Protein C is a multidomain protein. Mutations influencing protein C activity have been identified in each domain.32,33 Mature protein C has a mass of approximately 62,000 Daltons and circulates at approximately 65 nM. Protein C is synthesized with a leader peptide followed by a propeptide. The propeptide is involved in recognition by the vitamin K-dependent carboxylase and, hence, mutations in this region could result in incomplete γ-carboxylation of Glu residues with a resultant decrease in biologic activity. Both the leader and propeptide are removed proteolytically during maturation.80,81 A schematic representation of protein C, protein S, TM and EPCR, in relationship to the membrane surfaces at which they function, is depicted in Fig. 170-3. The sequence of human protein C is shown in Fig. 170-4. The mature protein C molecule consists of an N-terminal Gla domain, a hydrophobic stack region that connects the Gla domain to the two EGF domains, and a protease domain with homology to trypsin. In general, at the gene level, these domains are separated by introns.82 Human protein C circulates primarily as a two-chain zymogen, but approximately 10 percent of the protein C circulates as a single chain.83 The thrombin-TM complex is the major physiological activator of human protein C.84 This activation occurs by cleavage at Arg 169, releasing a 12-residue peptide.85 In the single chain protein C, no peptide is released during activation.
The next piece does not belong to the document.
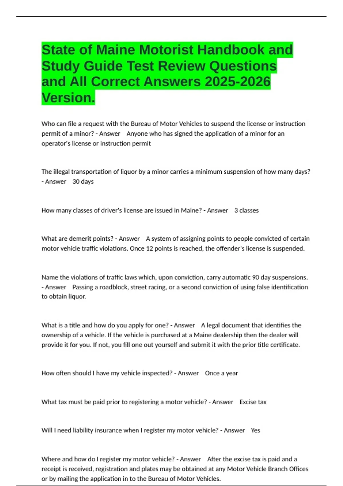 State of Maine Motorist Handbook and Study Guide Test Review Questions and All Correct Answers Version.

Representation of protein C, protein S, thrombomodulin, and EPCR. The nature and overall domain structure of protein C, protein S, thrombomodulin, and EPCR are illustrated in addition to a representation of the nature of the membrane interactions. Specific domains of each protein are identified. Gla, γ-carboxyglutamic acid; Th-sens., thrombin-sensitive. (Modified from Esmon C: The roles of protein C and thrombomodulin in the regulation of blood coagulation. J Biol Chem 264:4743, 1989. Used with permission.)
Amino acid sequence of human protein C. Amino acids are numbered from the amino-terminus of the mature protein. Y depicts γ-carboxylation, and an oval depicts hydroxylation of an amino acid. Diamonds represent sites of N-linked glycosylation. Residues within the two EGF-like domains are shaded. The serine, aspartic acid, and histidine residues that constitute the catalytic active site are identified in black. > denotes the location of an intron in the protein C gene, and the roman numeral identifies the following exon. The dipeptide proteolytically removed during the post-translational processing of most protein C molecules is marked by the small arrows. The site of proteolytic cleavage during protein C activation is identified by the large arrow.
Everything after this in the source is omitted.